I was given this book as a present and, as it was not my usual choice of book, I wasn't sure quite what to expect. I was delighted to discover that It was absolutely fascinating and full of surprises. It is quite different from anything else I have ever read in as much as it is written in the style of a film and seems like fiction but, as it turns out, is absolutely true and all based on real life events in the 20th century. What a remarkable life! Scholfield has a real ability to paint pictures with his words. I highly recommend it.

Not only did I really enjoy reading this book, it has solved at least half my Christmas present list.

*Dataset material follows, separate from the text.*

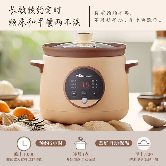 小熊/Bear 电炖锅电炖盅婴儿辅食锅紫砂锅燕窝炖盅电砂锅煲汤锅炖汤锅 文火细熬 汤香浓肉酥软 新式热水快炖速炖汤类更省时 兑换价格 5200 里程 会员卡别 终身白金卡 白金卡 金卡 银卡 普通卡 儿童卡 服务 由 聚品惠家电生活馆 发货并提供售后 颜色: 其他 购买数量: 件 库存件 配送地址: 立即购买 加入购物车 成功添加到购物车 关闭 购物车共有 种商品 总金额为: 组合销售 产品介绍 产品规格 售后服务 产品咨询 发现好货 小熊/Bear 电炖锅1-2人小炖锅煮粥锅智能预约定时煲汤锅炖汤锅燕窝炖盅 4400 里程 苏泊尔(SUPOR) 电火锅家用不粘煎涮炖煮多功能4L大容量一体式大火力电煮锅不粘煎涮炖煮多功能料理锅 H40YK757 5700 里程 西屋/Westinghouse 多功能电煮锅电炖锅1.6L一锅多能WFB16A 11600 里程 苏泊尔(SUPOR) 电火锅 宿舍小电锅学生寝室一体泡面小火锅 多功能锅涮肉涮菜 1.7L 【 单锅】H17YK489 3000 里程 小熊(Bear)电炖锅电炖盅煮粥神器煲汤锅炖汤锅婴儿煮粥锅熬粥燕窝炖盅DDG-E15K2 4800 里程

At least half my friends and family are going to get one for Christmas this year.

by Lynda

What a fascinating book. What a fascinating life. A very good biography, written almost like a film script, yet lyrical too (e.g. 'I had wandered one day earlier that summer, scorched by the noonday sun, heat -haze quivering over the motionless dust...') Thoroughly recommended.

by Percy D

I have never read a screenplay before but this is worth sampling. I concentrated on following the Voice (narrator) and the quality of the prose is outstanding. The story is engaging and altogether enjoyable. It should be filmed. Give it a go.

by Dr Aileen A Hopkins

5/5 stars

Sir Rupert Grayson's life reads like one of the sixteen thrillers that he wrote: he carried secret documents for British embassies, narrowly avoided being killed on the Moscow-Leningrad Express, met Kim Philby and drank with Scott Fitzgerald. The book is written as a film script but the quality of writing is poetic and lyrical. The late Bob Scholfield was a fine journalist and a talented writer. Recommended.

by Alex Wolf

5/5 Stars

Until I read this book, I always thought my own life had been eventful but it pales in comparison with the life of Sir Rupert Grayson told to us by Bob Schofield in the form of a film script. The foreword, written by Helen Schofield, explains why, and when you begin to grasp the colourful, action packed life of Sir Rupert, it becomes obvious that this is a good format.

The opening begins with a continental departure platform in London in 1909 with fog swirling around the gas lamps. A tall man and a boy stand by the door of a first class carriage of the Paris boat train. What a start to a story! Already I knew I was going to sink into this and find it difficult to surface from this other world.

At first, I wondered if the book, written as a film script would be difficult to read but it turns out that it was quite easy – there was no need for such tags as “Sir Henry said”. I have never seen a film script before and it is absolutely fascinating. Before my reading eyes, characters came to life in evocative settings. Oddly, it seemed easy for me to walk in and watch.

Bob Schofield’s writing is brilliant – yes, shining. Somebody lent me this book and I might find it difficult to give back because each scene is captivating and, if ever a book deserves to be reread and absorbed slowly, this is it. I hope they make it into a film.